Sunday, December 6, 2015

THE MIRACLE OF FORGIVENESS


Homily for December 7, 2015: Luke 5:17-26.
          “Child, your sins are forgiven,” Jesus says to the paralyzed man in today’s gospel. Jesus is not saying that every illness is the result of sin. His words suggest, however, that Jesus saw in this particular man a spiritual burden that needed to be loosed before the man could be healed physically. 
          “We have never seen anything like this,” the onlookers exclaim in astonishment as they see the formerly paralyzed man pick up his mat and walk. For Luke, the gospel writer, the true miracle, however, is not the man’s physical cure, but the spiritual healing of forgiveness. 

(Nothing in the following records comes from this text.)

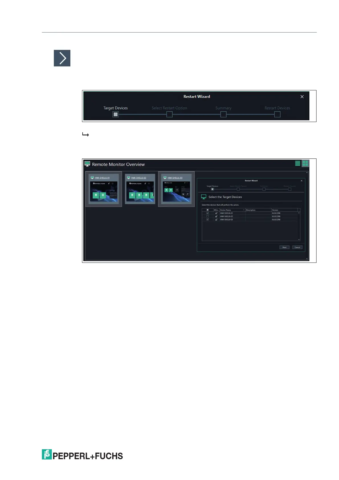 Figure 6.8 Restart Wizard: Target Devices
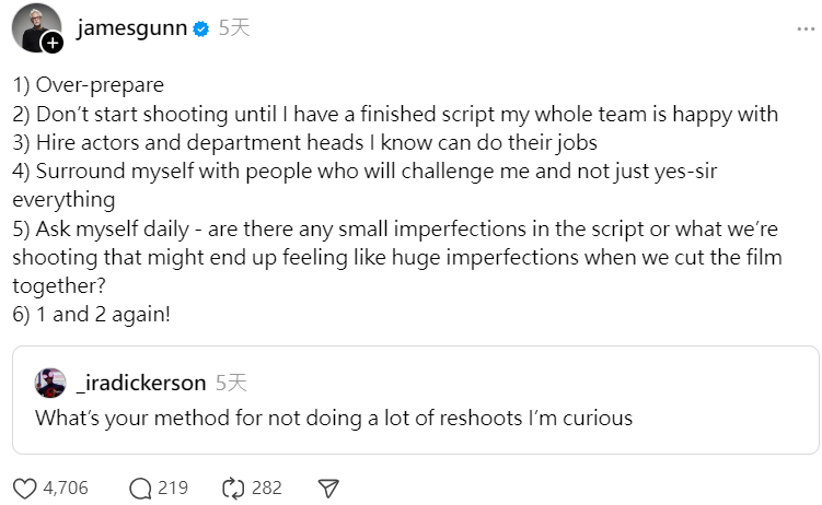 時逢新版《超人》(Superman)電影殺青,DC 影業共同執行長 詹姆士·岡恩(James Gunn)在 Threads 上透露,不同於過去多數大片的拍攝方式,《超人》將不會需要進行補拍,未來的 DC 宇宙也將堅持這項原則。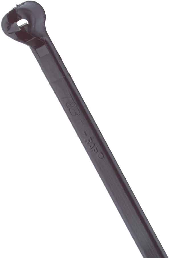 Der schwarz UV-beständige Ty-Rap Stahlnasenkabelbinder aus Polyamid 6.6 ist in mehreren Längen und Breiten und unterschiedlichen Zugfestigkeiten erhältlich. Diese Baureihe ist speziell für Installationen im Außenbereich geeignet. Der Kabelbinder ist in recycelbaren Kunststoffbeuteln mit Eurolochung verpackt und beinhaltet 2% Carbon für Militärspezifikationen. Die korrosionsbeständige, antimagnetische Stahlnase aus dem Edelstahl Typ 316 im Kabelbinderkopf garantiert den stärksten und sichersten Halt, der am Markt zu finden ist. Der leistungsstarke und zuverlässige Ty-Rap kann unter widrigsten Bedingungen wie unter Vibrationen, Hitze oder Kälte eingesetzt werden. Die abgerundeten Kanten und Konturen des Kopfes und des Binders sorgen für eine anwenderfreundliche Handhabung und verhindern, dass die Isolation der Kabel und Leitungen durch scharfe Kanten oder Verzahnungen beschädigt werden. Zudem reduziert der glatte Körper ohne Rasterzähne oder Rillen die Zahl überbeanspruchter Stellen. Die leichte Noppung auf der Innenseite des Bandes gewährleistet einen festen Sitz des Binders auf dem Kabelbündel. Eine große Auswahl an Zubehör ergänzt das Sortiment.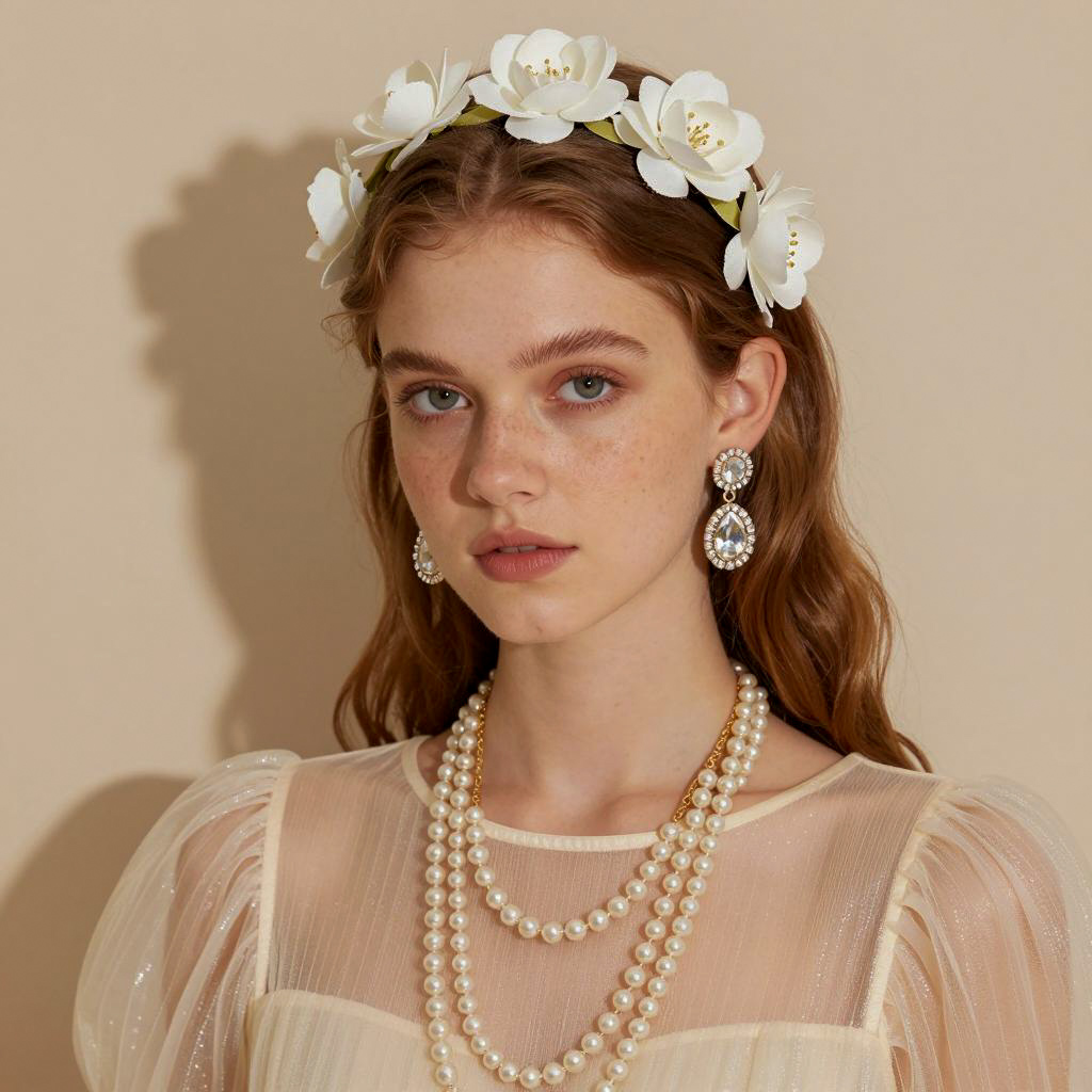 Photograph of a young woman with light skin and blue eyes, wearing a large, ruffled, multi-colored hat and collar made of pink, orange, and blue tulle. Her lips are slightly parted. Background includes blurred rocks. Her face is centered, and she gazes directly at the camera. The hat and collar have intricate, layered ruffles with translucent ures.

          Perhaps you’re thinking: “What is so miraculous about forgiveness? Don’t we forgive others every day?” Thank God, we do. Between our forgiveness and God’s, however, there is this great difference. When we forgive, there is always a memory of
the injury done, a “skeleton in the closet.” The wrong needs only to be repeated, or one like it, for the memory to be revived. God doesn’t have any closets. And even if he did, there wouldn’t be any skeletons there. God’s forgiveness is total. Jesus brings us this total forgiveness. In the sacrament of penance, Jesus uses his priests to bring us this gift.
          Some of the things we priests hear in confession help us to repent. Across the distance of almost sixty years I can still hear a child’s voice saying: “I stamp my foot at my mother and say No.” And I thought: that little one has greater sorrow for that small sin than I do for my sins, which are far worse. Telling you that is no violation of the seal of confession. I haven’t identified that child. I believe the Lord sent that little one into my confessional, to teach me a lesson. I’ve never forgotten it.
            “What will the priest think?” people sometimes ask. Let me tell you what one priest thought, a young man newly ordained and in his first parish assignment. In a letter to a friend, still in seminary, the new priest wrote: “I go into the confessional now, Jack; and I experience God in a completely new way.”